DATASET:
--- START ---

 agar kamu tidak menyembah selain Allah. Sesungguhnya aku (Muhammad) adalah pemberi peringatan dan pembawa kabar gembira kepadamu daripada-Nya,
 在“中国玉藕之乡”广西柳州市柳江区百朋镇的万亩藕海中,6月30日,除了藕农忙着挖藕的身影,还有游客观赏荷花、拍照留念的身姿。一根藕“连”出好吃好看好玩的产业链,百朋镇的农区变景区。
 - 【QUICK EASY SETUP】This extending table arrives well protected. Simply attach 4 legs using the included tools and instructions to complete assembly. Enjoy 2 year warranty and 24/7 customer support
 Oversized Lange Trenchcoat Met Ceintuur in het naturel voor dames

--- END ---
--- START ---

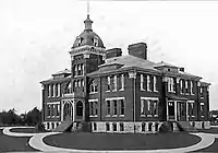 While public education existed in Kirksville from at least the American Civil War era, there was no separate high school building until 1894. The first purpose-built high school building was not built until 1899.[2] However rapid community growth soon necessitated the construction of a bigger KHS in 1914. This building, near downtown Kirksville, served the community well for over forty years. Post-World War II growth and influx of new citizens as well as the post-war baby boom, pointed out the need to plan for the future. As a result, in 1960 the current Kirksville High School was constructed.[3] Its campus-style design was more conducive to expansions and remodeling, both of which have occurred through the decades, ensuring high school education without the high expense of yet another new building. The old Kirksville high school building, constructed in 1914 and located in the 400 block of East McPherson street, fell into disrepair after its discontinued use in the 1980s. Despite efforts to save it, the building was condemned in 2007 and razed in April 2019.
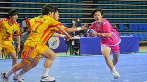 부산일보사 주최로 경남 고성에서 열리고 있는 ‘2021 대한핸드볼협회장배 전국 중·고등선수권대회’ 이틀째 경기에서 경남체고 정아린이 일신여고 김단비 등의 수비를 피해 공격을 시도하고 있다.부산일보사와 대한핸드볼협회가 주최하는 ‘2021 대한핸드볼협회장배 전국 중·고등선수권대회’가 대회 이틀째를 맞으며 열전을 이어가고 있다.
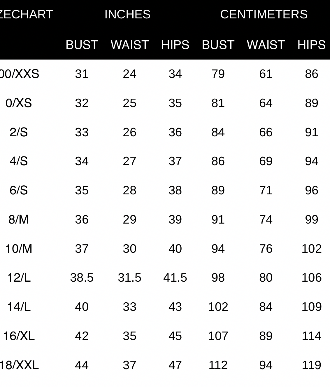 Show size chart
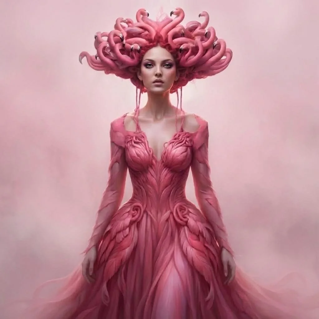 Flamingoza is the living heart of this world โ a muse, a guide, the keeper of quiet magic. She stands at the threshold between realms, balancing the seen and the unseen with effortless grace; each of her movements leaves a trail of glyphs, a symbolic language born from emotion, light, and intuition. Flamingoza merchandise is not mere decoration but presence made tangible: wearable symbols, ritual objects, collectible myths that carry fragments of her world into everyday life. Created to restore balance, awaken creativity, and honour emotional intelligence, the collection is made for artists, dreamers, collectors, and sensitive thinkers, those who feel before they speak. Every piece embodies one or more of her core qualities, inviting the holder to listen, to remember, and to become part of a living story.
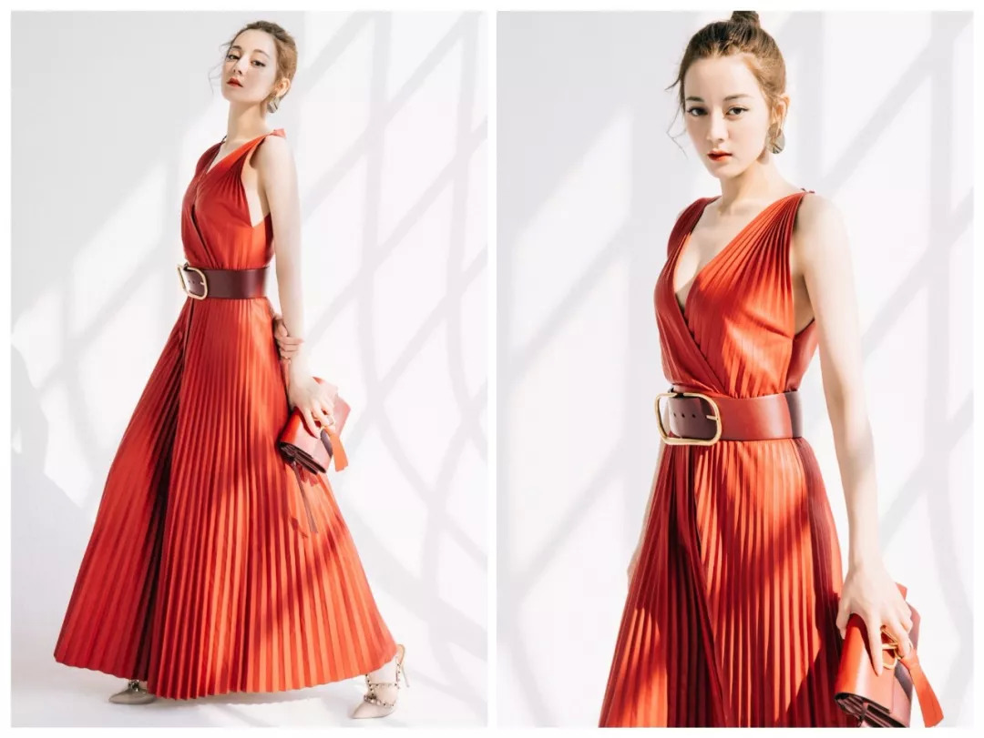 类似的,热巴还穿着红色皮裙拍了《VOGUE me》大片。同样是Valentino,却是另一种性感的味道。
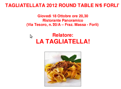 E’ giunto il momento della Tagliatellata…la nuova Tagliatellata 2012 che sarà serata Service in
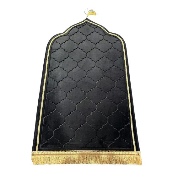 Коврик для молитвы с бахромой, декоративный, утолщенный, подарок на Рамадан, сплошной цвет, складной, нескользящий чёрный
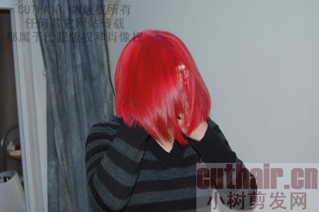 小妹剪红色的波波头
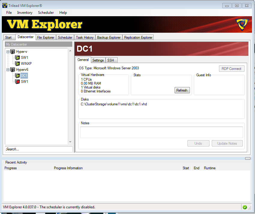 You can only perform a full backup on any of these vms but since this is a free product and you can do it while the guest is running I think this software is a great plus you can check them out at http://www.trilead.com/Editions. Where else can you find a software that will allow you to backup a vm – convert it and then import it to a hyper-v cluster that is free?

--- END ---

WORK TO BE COMPLETED:
Copy word for word the lines of the records above from the one with "Коврик для молитвы" up to and including the one with "You can only". Skip the pictures.

ANSWER BELOW:
 Коврик для молитвы с бахромой, декоративный, утолщенный, подарок на Рамадан, сплошной цвет, складной, нескользящий чёрный
 小妹剪红色的波波头
 You can only perform a full backup on any of these vms but since this is a free product and you can do it while the guest is running I think this software is a great plus you can check them out at http://www.trilead.com/Editions. Where else can you find a software that will allow you to backup a vm – convert it and then import it to a hyper-v cluster that is free?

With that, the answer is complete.